▶ Collected data:
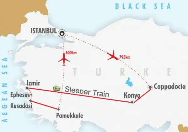 A: The Discovery of Turkey 8 Days tour is a guided tour featuring a direct flight from Istanbul to Cappadocia and a nostalgic sleeper train journey from Konya to Selcuk.
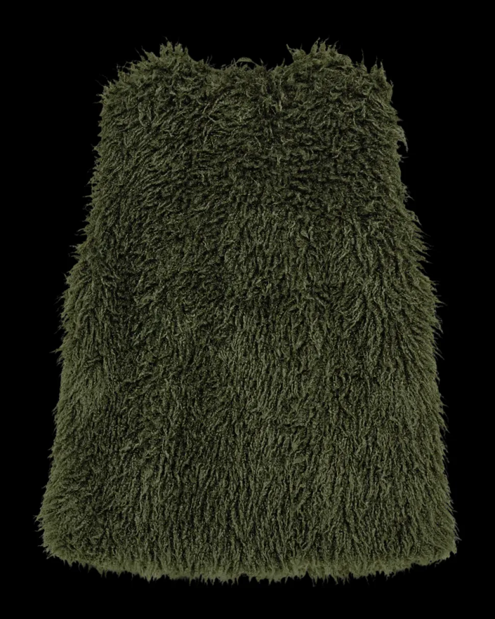 Freequent-liivi pehmeästä hapsukankaasta, jossa on vuori. Liivissä on yksinkertainen siluetti, syvä V-pääntie, piilotettu hakaskiinnitys edessä ja normaali istuvuus.
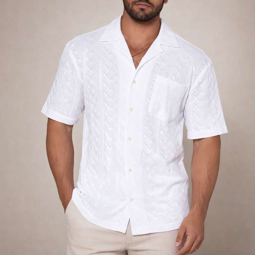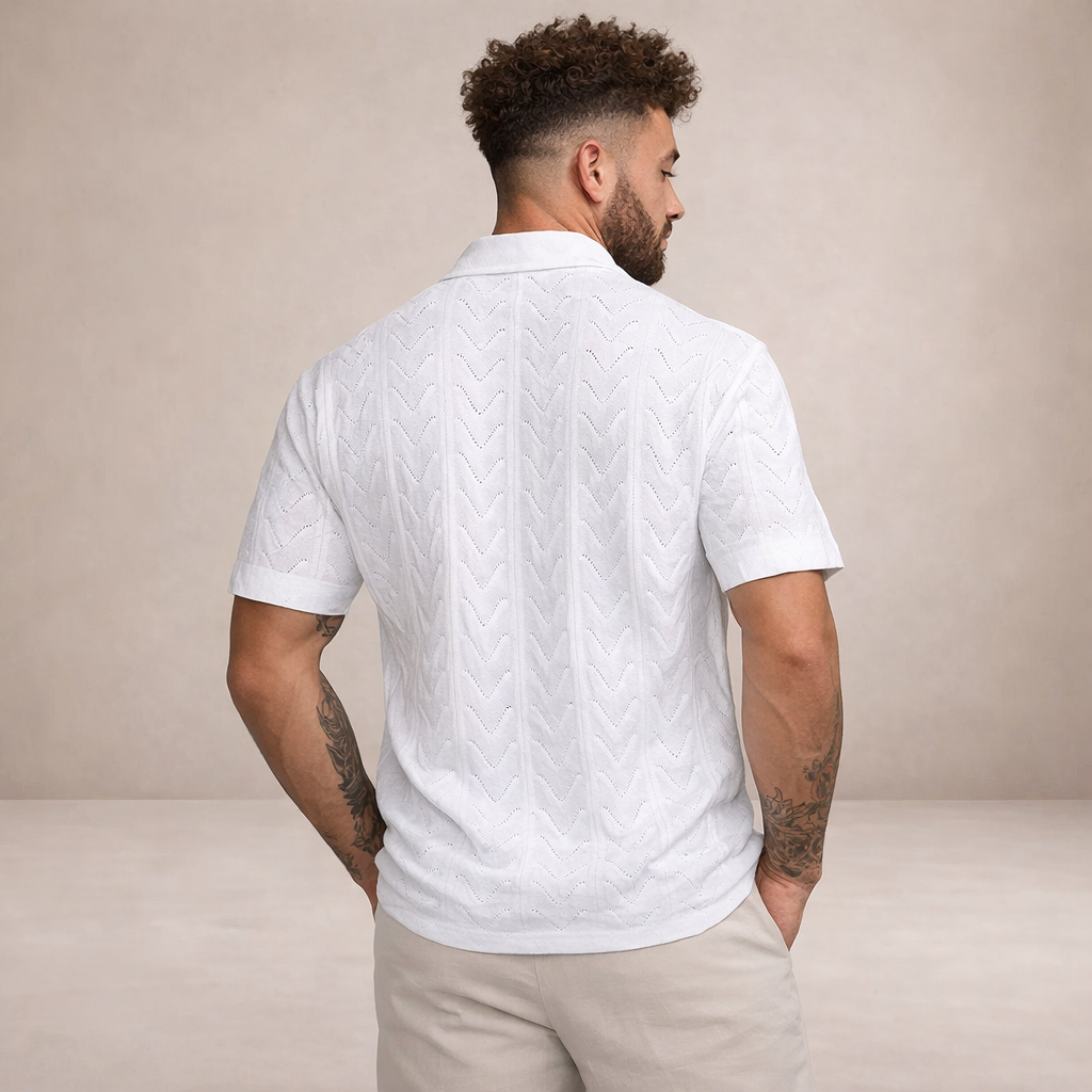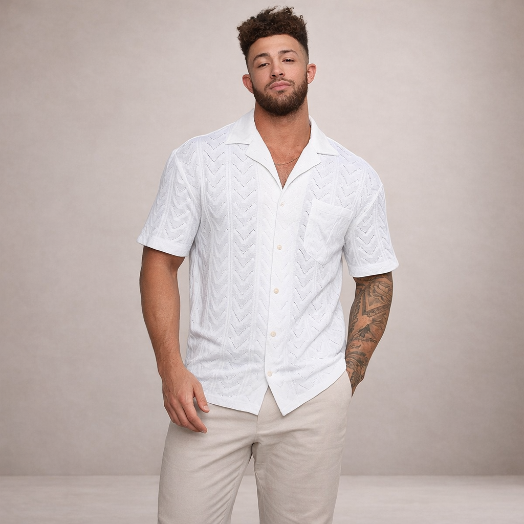 Elevate your warm-weather wardrobe with this refined short-sleeved shirt, designed for effortless summer style. The lightweight knitted texture and clean white finish create a fresh, contemporary look that works equally well for holidays, garden gatherings or relaxed evenings out.

▶ What the task requires: Only lines belong in the copy: transcribe those from the start of the data through the line that contains "Freequent-liivi pehmeästä hapsukankaasta, jossa", and skip the pictures.

▶ Response to the exercise:
 A: The Discovery of Turkey 8 Days tour is a guided tour featuring a direct flight from Istanbul to Cappadocia and a nostalgic sleeper train journey from Konya to Selcuk.
 Freequent-liivi pehmeästä hapsukankaasta, jossa on vuori. Liivissä on yksinkertainen siluetti, syvä V-pääntie, piilotettu hakaskiinnitys edessä ja normaali istuvuus.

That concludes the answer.